Activity » What's needed: every entry, printed exactly, minus the images.

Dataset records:
┌──

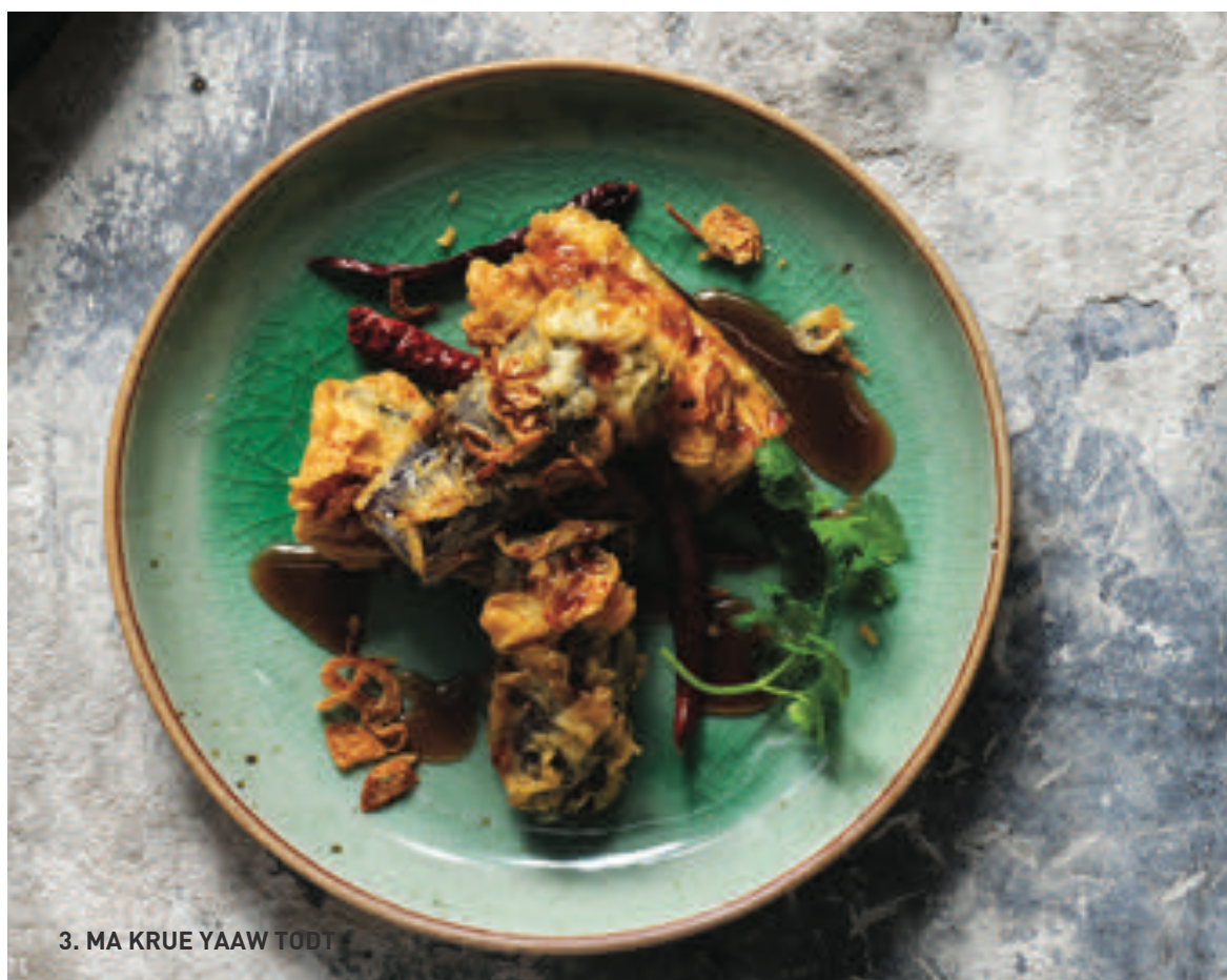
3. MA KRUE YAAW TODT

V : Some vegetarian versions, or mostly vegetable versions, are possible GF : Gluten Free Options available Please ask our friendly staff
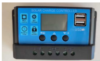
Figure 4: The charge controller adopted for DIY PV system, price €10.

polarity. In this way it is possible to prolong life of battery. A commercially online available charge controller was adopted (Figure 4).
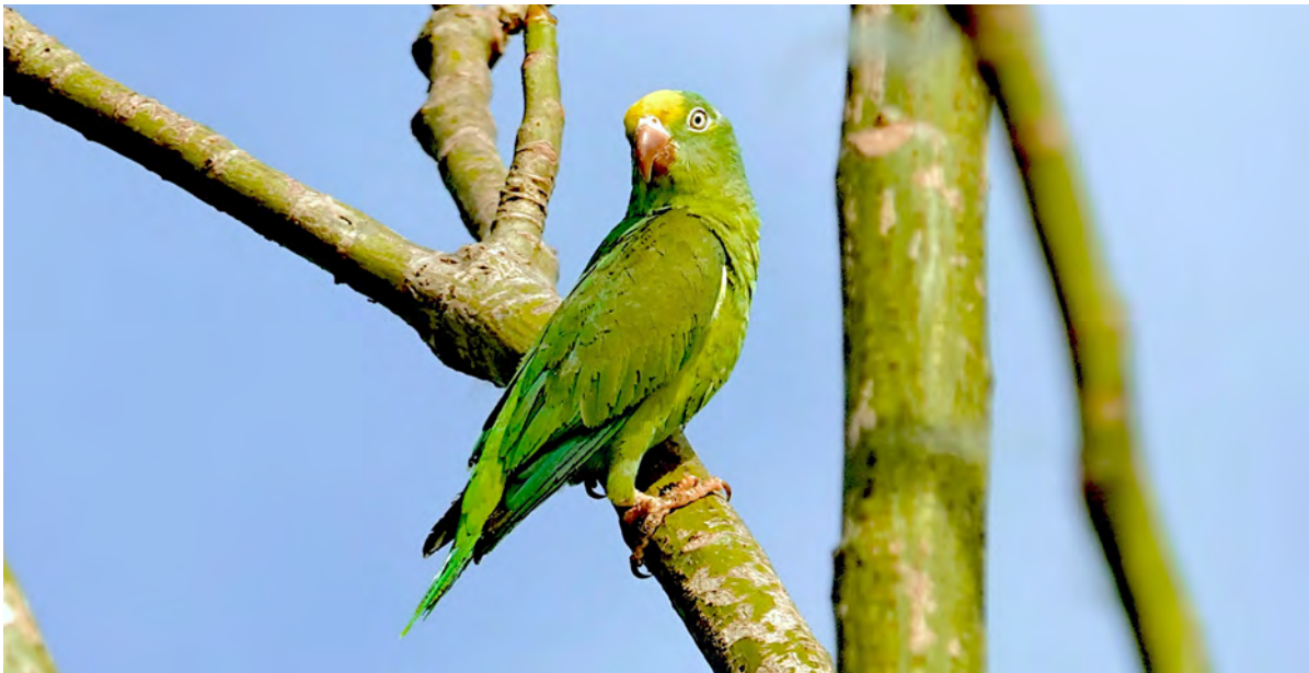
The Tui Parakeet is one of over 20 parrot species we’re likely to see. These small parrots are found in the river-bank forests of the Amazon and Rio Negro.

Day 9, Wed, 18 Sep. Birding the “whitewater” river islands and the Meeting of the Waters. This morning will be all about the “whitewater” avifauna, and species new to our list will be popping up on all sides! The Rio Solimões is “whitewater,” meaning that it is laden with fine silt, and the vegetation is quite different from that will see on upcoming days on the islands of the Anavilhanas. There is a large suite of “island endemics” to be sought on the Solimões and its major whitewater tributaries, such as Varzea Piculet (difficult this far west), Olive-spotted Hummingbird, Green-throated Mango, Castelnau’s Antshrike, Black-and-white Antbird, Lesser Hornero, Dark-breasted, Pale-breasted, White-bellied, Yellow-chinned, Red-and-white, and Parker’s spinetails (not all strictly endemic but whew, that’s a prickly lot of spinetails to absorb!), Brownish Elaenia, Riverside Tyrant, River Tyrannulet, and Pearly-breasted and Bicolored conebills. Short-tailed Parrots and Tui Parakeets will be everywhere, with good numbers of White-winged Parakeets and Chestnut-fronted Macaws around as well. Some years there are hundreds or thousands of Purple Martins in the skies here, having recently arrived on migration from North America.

└──

Response to the exercise »
3. MA KRUE YAAW TODT

V : Some vegetarian versions, or mostly vegetable versions, are possible GF : Gluten Free Options available Please ask our friendly staff
Figure 4: The charge controller adopted for DIY PV system, price €10.

polarity. In this way it is possible to prolong life of battery. A commercially online available charge controller was adopted (Figure 4).
The Tui Parakeet is one of over 20 parrot species we’re likely to see. These small parrots are found in the river-bank forests of the Amazon and Rio Negro.

Day 9, Wed, 18 Sep. Birding the “whitewater” river islands and the Meeting of the Waters. This morning will be all about the “whitewater” avifauna, and species new to our list will be popping up on all sides! The Rio Solimões is “whitewater,” meaning that it is laden with fine silt, and the vegetation is quite different from that will see on upcoming days on the islands of the Anavilhanas. There is a large suite of “island endemics” to be sought on the Solimões and its major whitewater tributaries, such as Varzea Piculet (difficult this far west), Olive-spotted Hummingbird, Green-throated Mango, Castelnau’s Antshrike, Black-and-white Antbird, Lesser Hornero, Dark-breasted, Pale-breasted, White-bellied, Yellow-chinned, Red-and-white, and Parker’s spinetails (not all strictly endemic but whew, that’s a prickly lot of spinetails to absorb!), Brownish Elaenia, Riverside Tyrant, River Tyrannulet, and Pearly-breasted and Bicolored conebills. Short-tailed Parrots and Tui Parakeets will be everywhere, with good numbers of White-winged Parakeets and Chestnut-fronted Macaws around as well. Some years there are hundreds or thousands of Purple Martins in the skies here, having recently arrived on migration from North America.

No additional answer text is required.